Available data.
>>>>

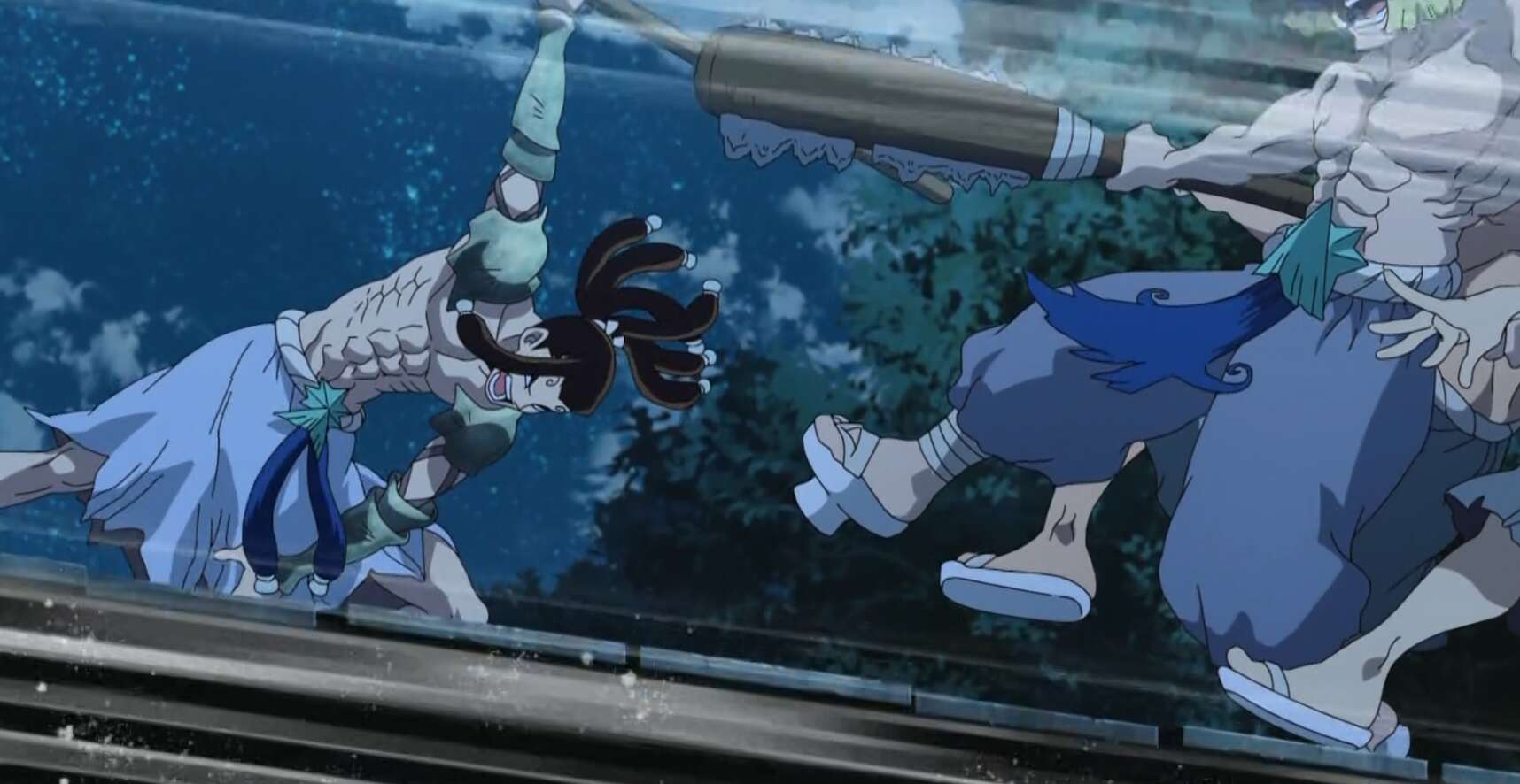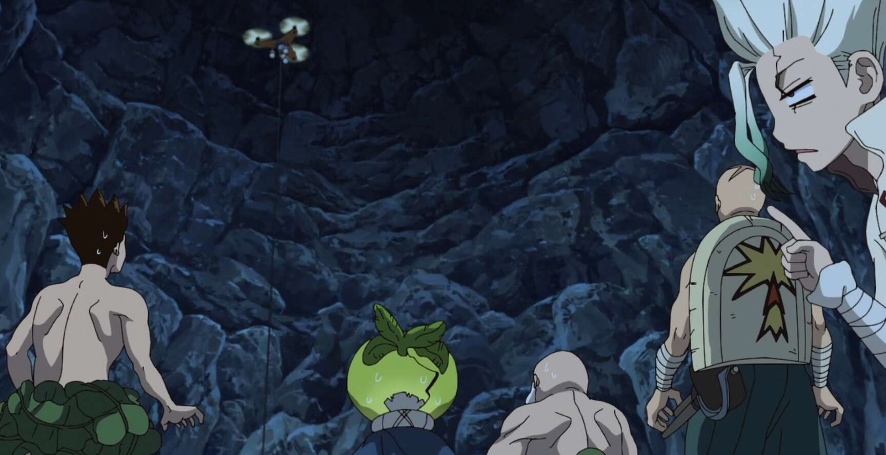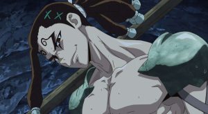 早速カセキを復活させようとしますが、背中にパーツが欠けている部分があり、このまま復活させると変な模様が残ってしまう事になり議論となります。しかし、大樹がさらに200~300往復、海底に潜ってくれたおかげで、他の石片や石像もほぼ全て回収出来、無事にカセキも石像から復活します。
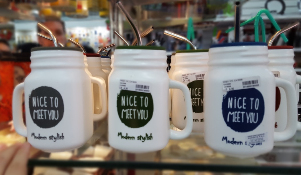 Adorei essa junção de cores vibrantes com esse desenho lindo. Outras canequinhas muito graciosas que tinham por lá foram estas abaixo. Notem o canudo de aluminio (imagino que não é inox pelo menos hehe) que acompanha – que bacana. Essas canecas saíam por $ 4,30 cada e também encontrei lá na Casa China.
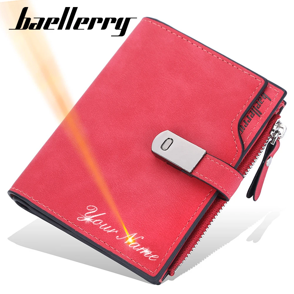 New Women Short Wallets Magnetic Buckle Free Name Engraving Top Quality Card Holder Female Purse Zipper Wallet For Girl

<<<<

Required work.
All of the material above is to be retyped verbatim, with its pictures omitted.

Output.
 早速カセキを復活させようとしますが、背中にパーツが欠けている部分があり、このまま復活させると変な模様が残ってしまう事になり議論となります。しかし、大樹がさらに200~300往復、海底に潜ってくれたおかげで、他の石片や石像もほぼ全て回収出来、無事にカセキも石像から復活します。
 Adorei essa junção de cores vibrantes com esse desenho lindo. Outras canequinhas muito graciosas que tinham por lá foram estas abaixo. Notem o canudo de aluminio (imagino que não é inox pelo menos hehe) que acompanha – que bacana. Essas canecas saíam por $ 4,30 cada e também encontrei lá na Casa China.
 New Women Short Wallets Magnetic Buckle Free Name Engraving Top Quality Card Holder Female Purse Zipper Wallet For Girl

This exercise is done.